* [Required action] Starting with the line that has "Ancient Stone Archway" in the records below and ending with the line that has "Srebrna zawieszka w", output those lines exactly and nothing more; omit the pictures.

═══ Data extracts

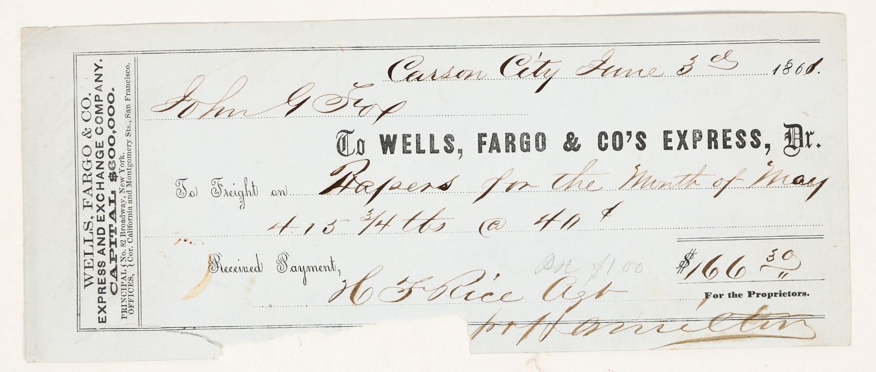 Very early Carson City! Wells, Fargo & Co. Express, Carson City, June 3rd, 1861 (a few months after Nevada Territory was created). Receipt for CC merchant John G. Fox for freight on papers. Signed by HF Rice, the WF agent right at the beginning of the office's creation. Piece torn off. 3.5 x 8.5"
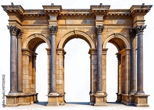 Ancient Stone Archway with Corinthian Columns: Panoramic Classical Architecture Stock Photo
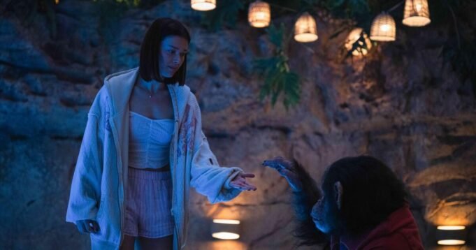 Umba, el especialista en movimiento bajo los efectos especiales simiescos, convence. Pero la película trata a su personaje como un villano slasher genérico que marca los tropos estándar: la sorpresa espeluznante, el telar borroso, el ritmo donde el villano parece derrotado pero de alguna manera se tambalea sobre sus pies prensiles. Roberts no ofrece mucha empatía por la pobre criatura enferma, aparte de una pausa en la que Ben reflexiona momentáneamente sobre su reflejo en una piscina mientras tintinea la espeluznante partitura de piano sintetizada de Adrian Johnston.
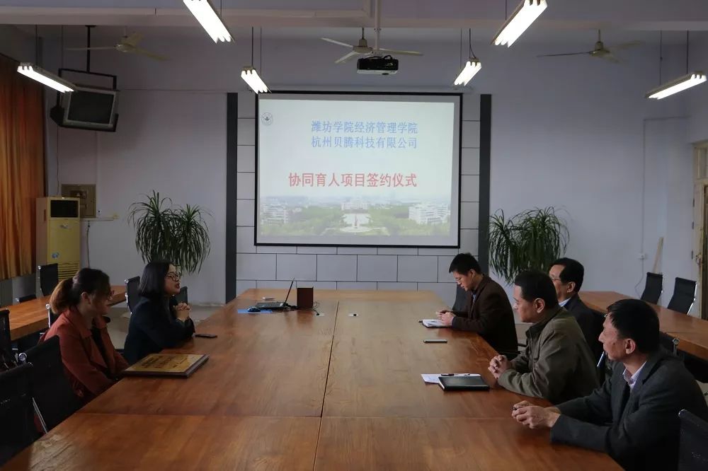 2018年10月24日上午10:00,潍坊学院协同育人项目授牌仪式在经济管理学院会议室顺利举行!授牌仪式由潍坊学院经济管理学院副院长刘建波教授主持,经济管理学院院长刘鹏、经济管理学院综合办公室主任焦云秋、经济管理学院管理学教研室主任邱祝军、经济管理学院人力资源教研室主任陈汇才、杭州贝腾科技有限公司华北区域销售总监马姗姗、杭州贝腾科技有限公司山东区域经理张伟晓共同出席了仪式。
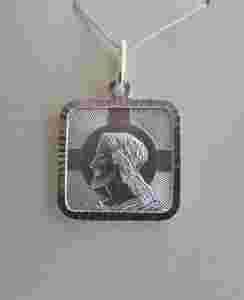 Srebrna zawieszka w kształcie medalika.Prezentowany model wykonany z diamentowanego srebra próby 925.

══════
═══ Data extracts

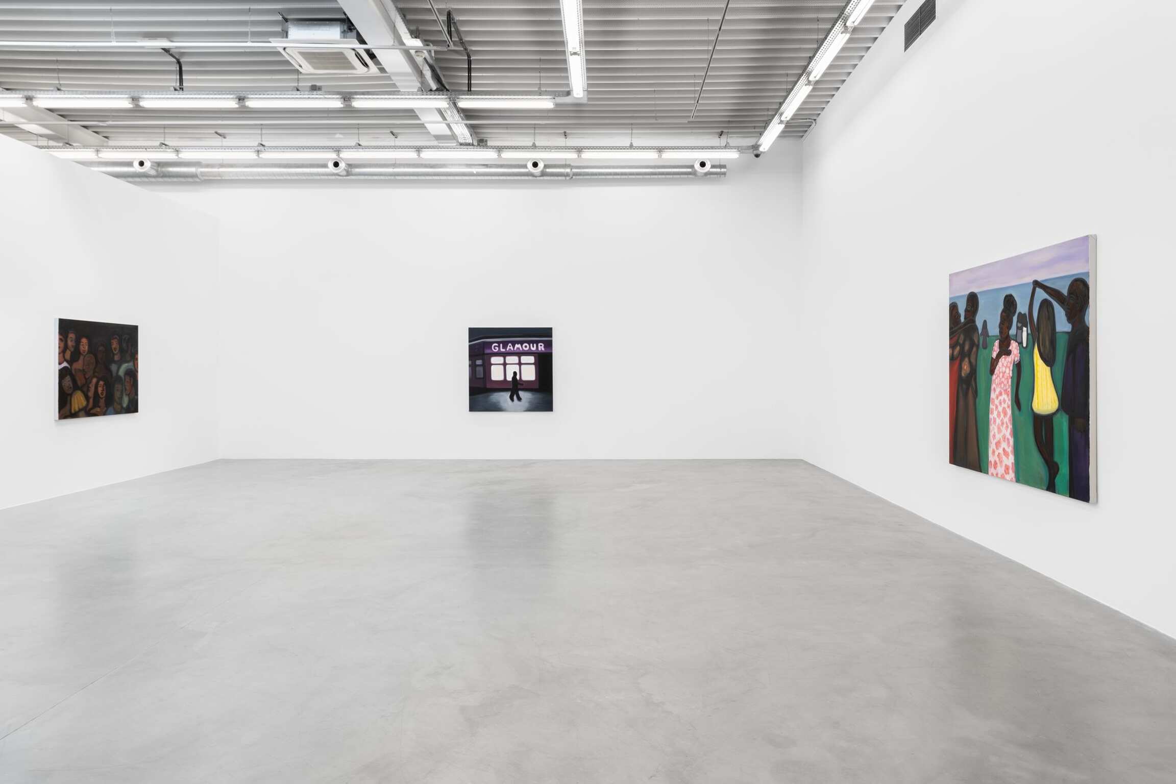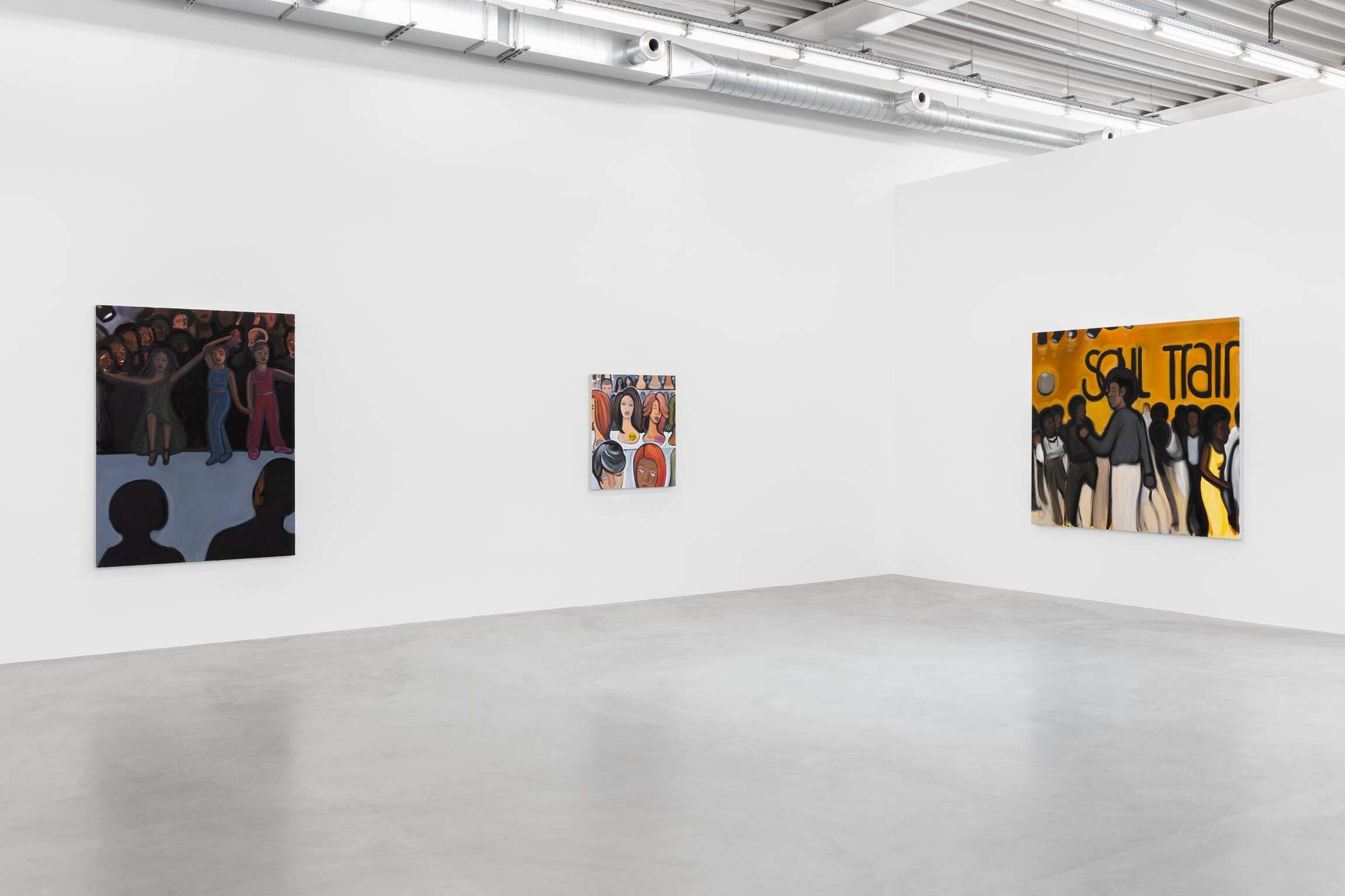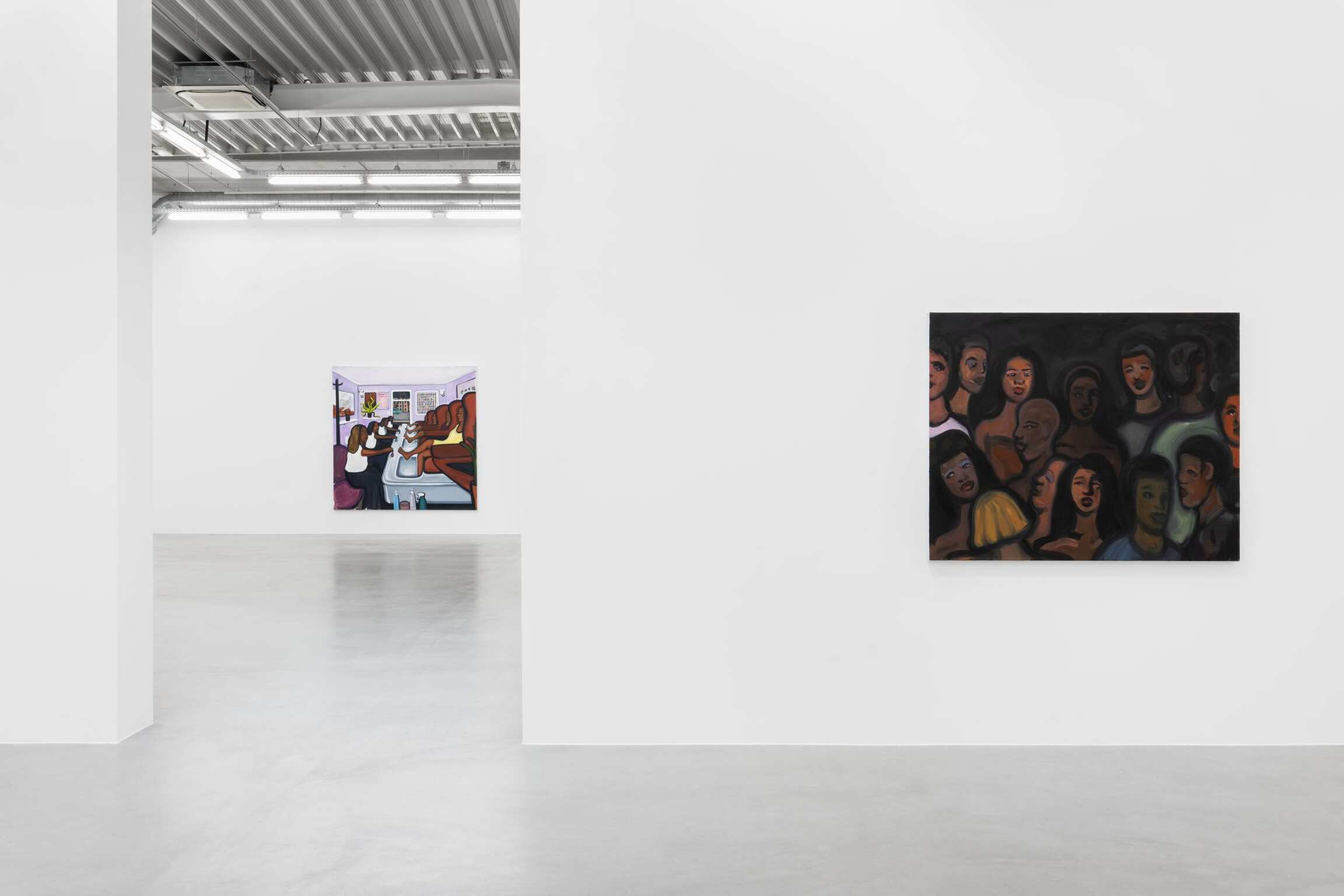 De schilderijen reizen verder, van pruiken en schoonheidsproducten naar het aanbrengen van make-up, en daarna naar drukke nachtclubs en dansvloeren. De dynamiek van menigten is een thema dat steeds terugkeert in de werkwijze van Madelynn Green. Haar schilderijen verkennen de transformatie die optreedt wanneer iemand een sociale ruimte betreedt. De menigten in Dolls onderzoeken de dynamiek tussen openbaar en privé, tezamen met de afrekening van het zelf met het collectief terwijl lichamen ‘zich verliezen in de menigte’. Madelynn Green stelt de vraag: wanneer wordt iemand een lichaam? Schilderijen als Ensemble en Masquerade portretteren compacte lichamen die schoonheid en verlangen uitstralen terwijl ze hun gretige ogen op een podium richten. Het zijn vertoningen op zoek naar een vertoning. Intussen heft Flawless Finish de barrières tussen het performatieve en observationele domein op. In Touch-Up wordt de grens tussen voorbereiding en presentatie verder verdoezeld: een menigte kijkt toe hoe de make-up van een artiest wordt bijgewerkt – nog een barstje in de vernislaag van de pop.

══════

* [Task response]
 Ancient Stone Archway with Corinthian Columns: Panoramic Classical Architecture Stock Photo
 Umba, el especialista en movimiento bajo los efectos especiales simiescos, convence. Pero la película trata a su personaje como un villano slasher genérico que marca los tropos estándar: la sorpresa espeluznante, el telar borroso, el ritmo donde el villano parece derrotado pero de alguna manera se tambalea sobre sus pies prensiles. Roberts no ofrece mucha empatía por la pobre criatura enferma, aparte de una pausa en la que Ben reflexiona momentáneamente sobre su reflejo en una piscina mientras tintinea la espeluznante partitura de piano sintetizada de Adrian Johnston.
 2018年10月24日上午10:00,潍坊学院协同育人项目授牌仪式在经济管理学院会议室顺利举行!授牌仪式由潍坊学院经济管理学院副院长刘建波教授主持,经济管理学院院长刘鹏、经济管理学院综合办公室主任焦云秋、经济管理学院管理学教研室主任邱祝军、经济管理学院人力资源教研室主任陈汇才、杭州贝腾科技有限公司华北区域销售总监马姗姗、杭州贝腾科技有限公司山东区域经理张伟晓共同出席了仪式。
 Srebrna zawieszka w kształcie medalika.Prezentowany model wykonany z diamentowanego srebra próby 925.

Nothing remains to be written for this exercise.